Supplied records
---------------
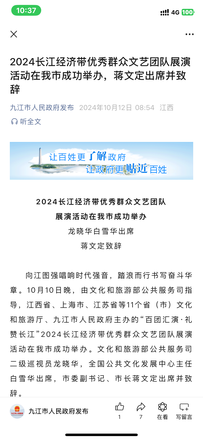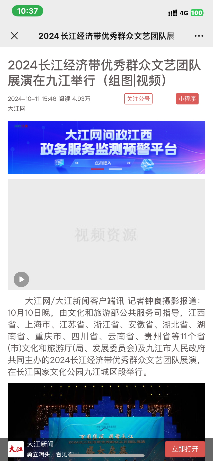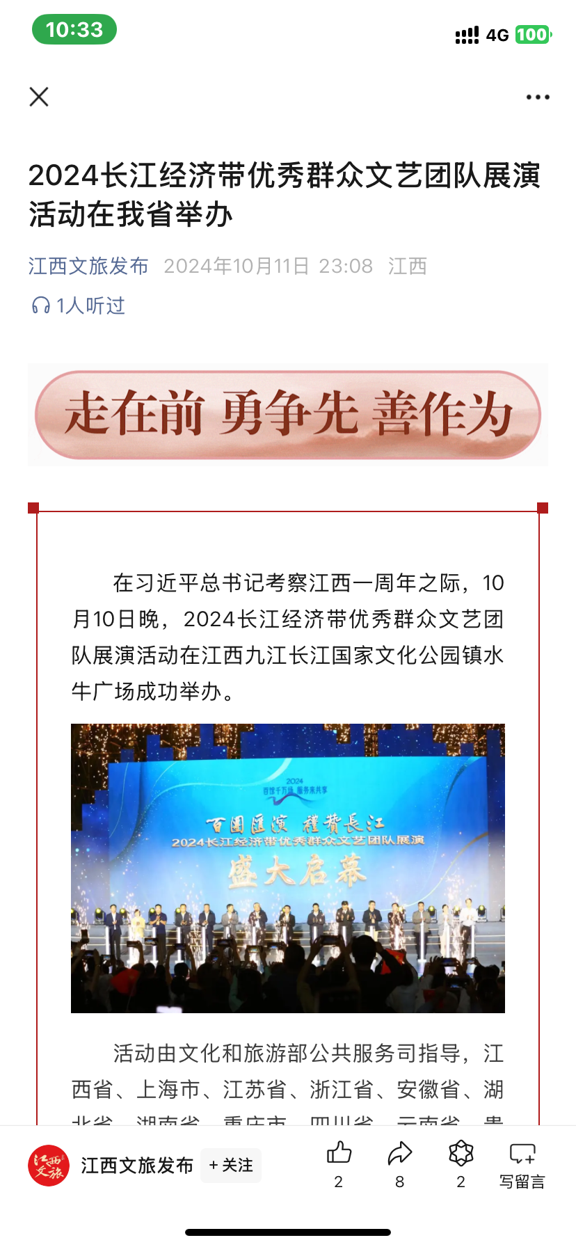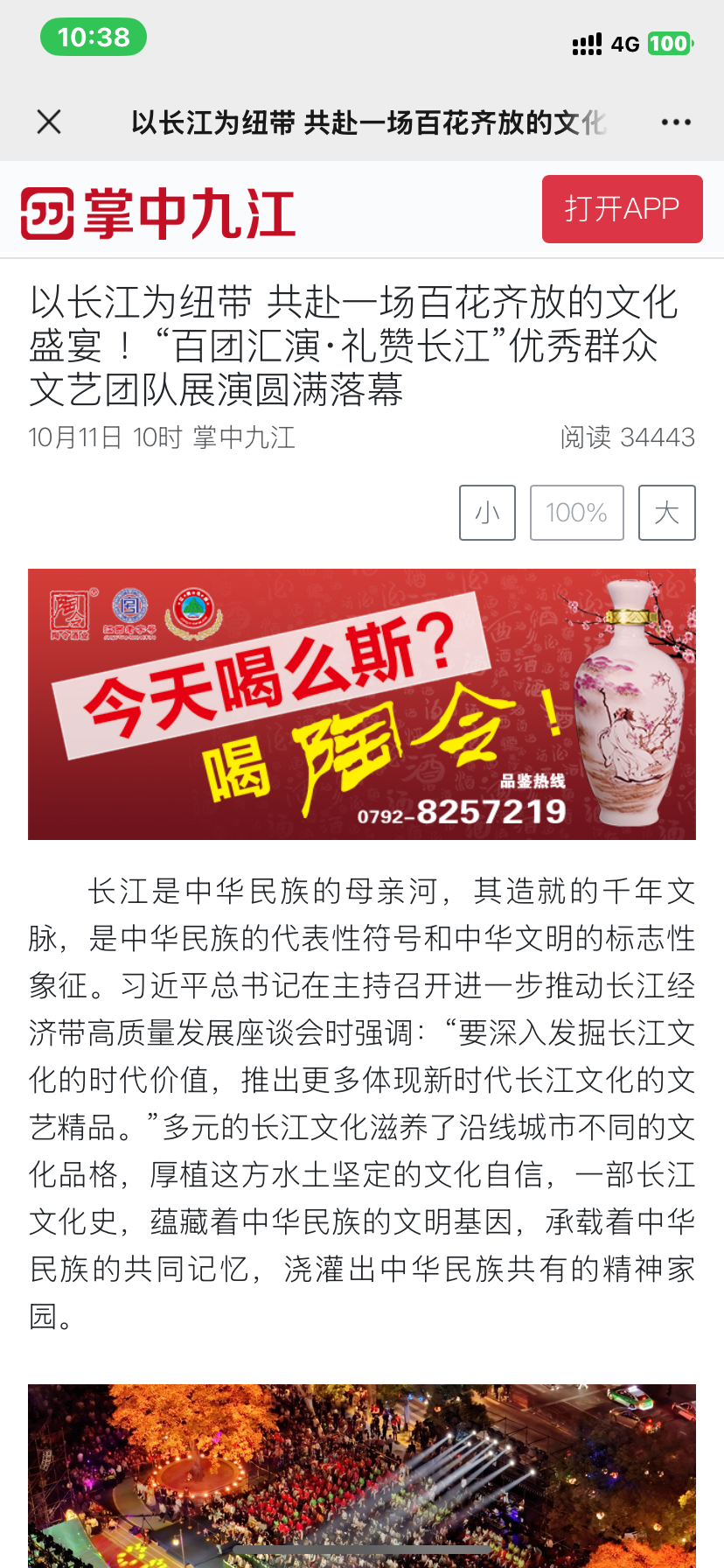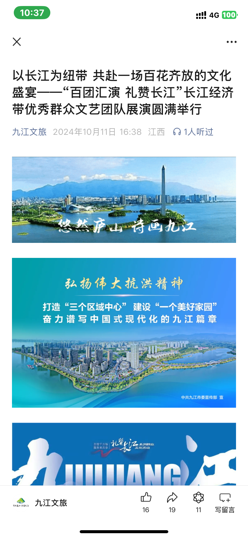 2024年10月10日晚,“百团汇演 礼赞长江”2024长江经济带优秀群众文艺团队展演活动在九江长江国家文化公园镇水牛广场圆满结束。
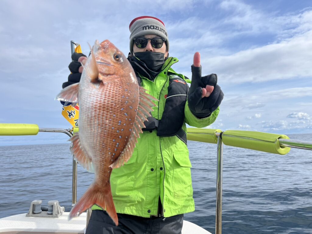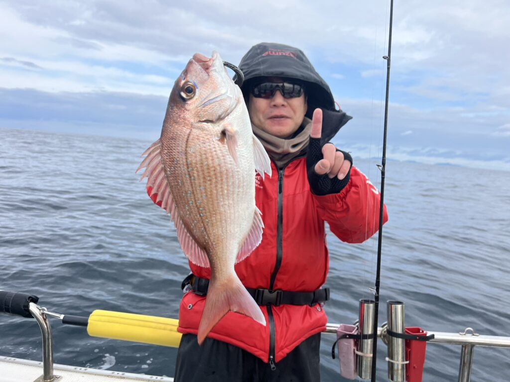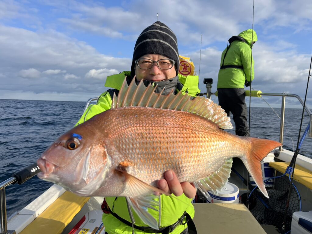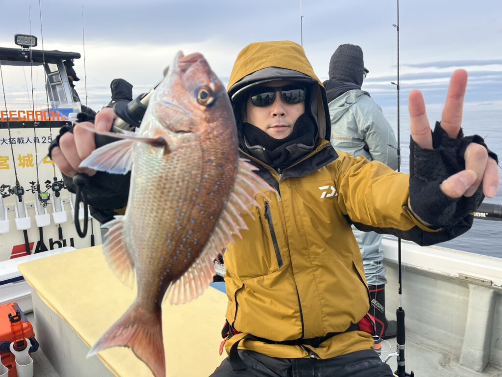 反応見ながら移動すると本命真鯛をキャッチ!
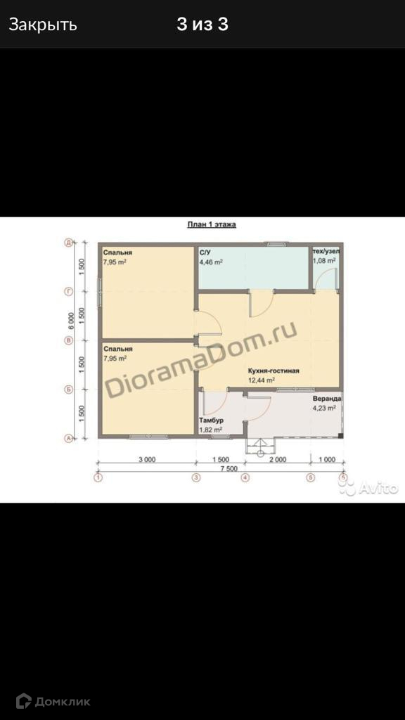 Дом состоит из 2х спален, гостиной, санузла и технического помещения.
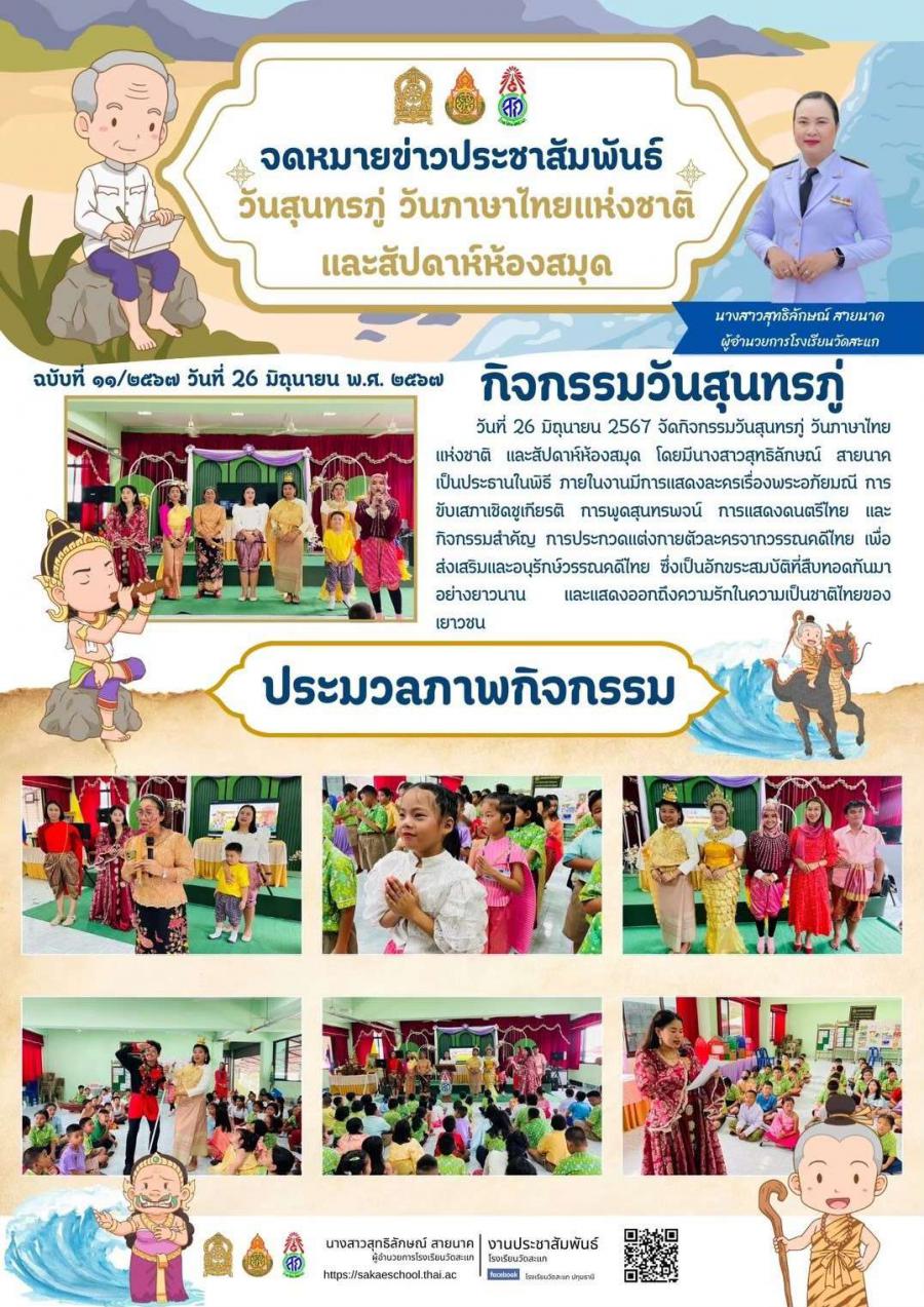 วันที่ 26 มิถุนายน 2567 จัดกิจกรรมวันสุนทรภู่ วันภาษาไทยแห่งชาติ และสัปดาห์ห้องสมุด โดยมีนางสาวสุทธิลักษณ์ สายนาค เป็นประธานในพิธี ภายในงานมีการแสดงละครเรื่องพระอภัยมณี การขับเสภาเชิดชูเกียรติ การพูดสุนทรพจน์ การแสดงดนตรีไทย และกิจกรรมสำคัญ การประกวดแต่งกายตัวละครจากวรรณคดีไทย เพื่อส่งเสริมและอนุรักษ์วรรณคดีไทย ซึ่งเป็นอักขระสมบัติที่สืบทอดกันมาอย่างยาวนาน และแสดงออกถึงความรักในความเป็นชาติไทยของเยาวชน
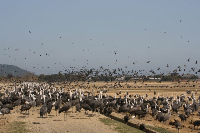 10時40分過ぎ、いきなり奥の方にいたツルが一斉に飛び立つ。その波がどんどん手前の鶴にまで広がってきて断続的にほとんどの鶴が空へ飛び上がる。いったん空にあがった鶴はなかなか降りてこなくて、大きい団体で空を周遊している。その後も12時までの間に2回ほどそんな出来事があった。何のきっかけでそうなるんだろう。お昼になっちゃったので引き上げてきたけれど、その後もなにかあったんだろうか?
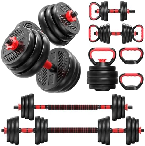 ▶【Versatile Training Equipment】: 4 in 1 adjustable dumbbell set can elevate your home workouts. Ingeniously designed to convert into dumbbells, barbells, kettlebells, and push-up stands, it's the ultimate versatile equipment for a wide array of strength exercises. ▶【Innovative Design】: The unique plates prevent rolling, enhancing safety and allowing for seamless transitions between exercises. This design ensures your workout space is efficient, and your routine is uninterrupted. ▶【Premium Quality & Durability】: Crafted with eco-friendly PE material and a robust cement and iron sand mixture, the 4 in 1 adjustable weight dumbbell set promises durability and precise weight for a focused workout session every time. ▶【Ergonomic Comfort & Secure Grip】: The dumbbells adjustable weight set is designed for a non-slip, secure grip and comfort that adapts to the natural contours of your hands and neck because of it's an ergonomic, foam-padded bar and upgraded anti-loosing nuts design. ▶【Adjustable Weight for Progressives Training】: It is great for diverse exercises and progressives training, ensuring your fitness evolves. Cater to your fitness level with our adjustable weights, dumbbell: 5-44lbs, barbell: 5-88lbs, kettlebell: 2.5-26lbs.
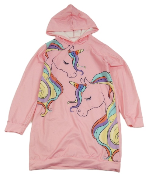 Světlerůžové teplákové šaty s jednorožci a kapucí
---------------
Exercise description
Set the lines above down again, word for word, from the first through the one containing "วันที่ 26 มิถุนายน"; pictures excluded.

Result for this task
 2024年10月10日晚,“百团汇演 礼赞长江”2024长江经济带优秀群众文艺团队展演活动在九江长江国家文化公园镇水牛广场圆满结束。
 反応見ながら移動すると本命真鯛をキャッチ!
 Дом состоит из 2х спален, гостиной, санузла и технического помещения.
 วันที่ 26 มิถุนายน 2567 จัดกิจกรรมวันสุนทรภู่ วันภาษาไทยแห่งชาติ และสัปดาห์ห้องสมุด โดยมีนางสาวสุทธิลักษณ์ สายนาค เป็นประธานในพิธี ภายในงานมีการแสดงละครเรื่องพระอภัยมณี การขับเสภาเชิดชูเกียรติ การพูดสุนทรพจน์ การแสดงดนตรีไทย และกิจกรรมสำคัญ การประกวดแต่งกายตัวละครจากวรรณคดีไทย เพื่อส่งเสริมและอนุรักษ์วรรณคดีไทย ซึ่งเป็นอักขระสมบัติที่สืบทอดกันมาอย่างยาวนาน และแสดงออกถึงความรักในความเป็นชาติไทยของเยาวชน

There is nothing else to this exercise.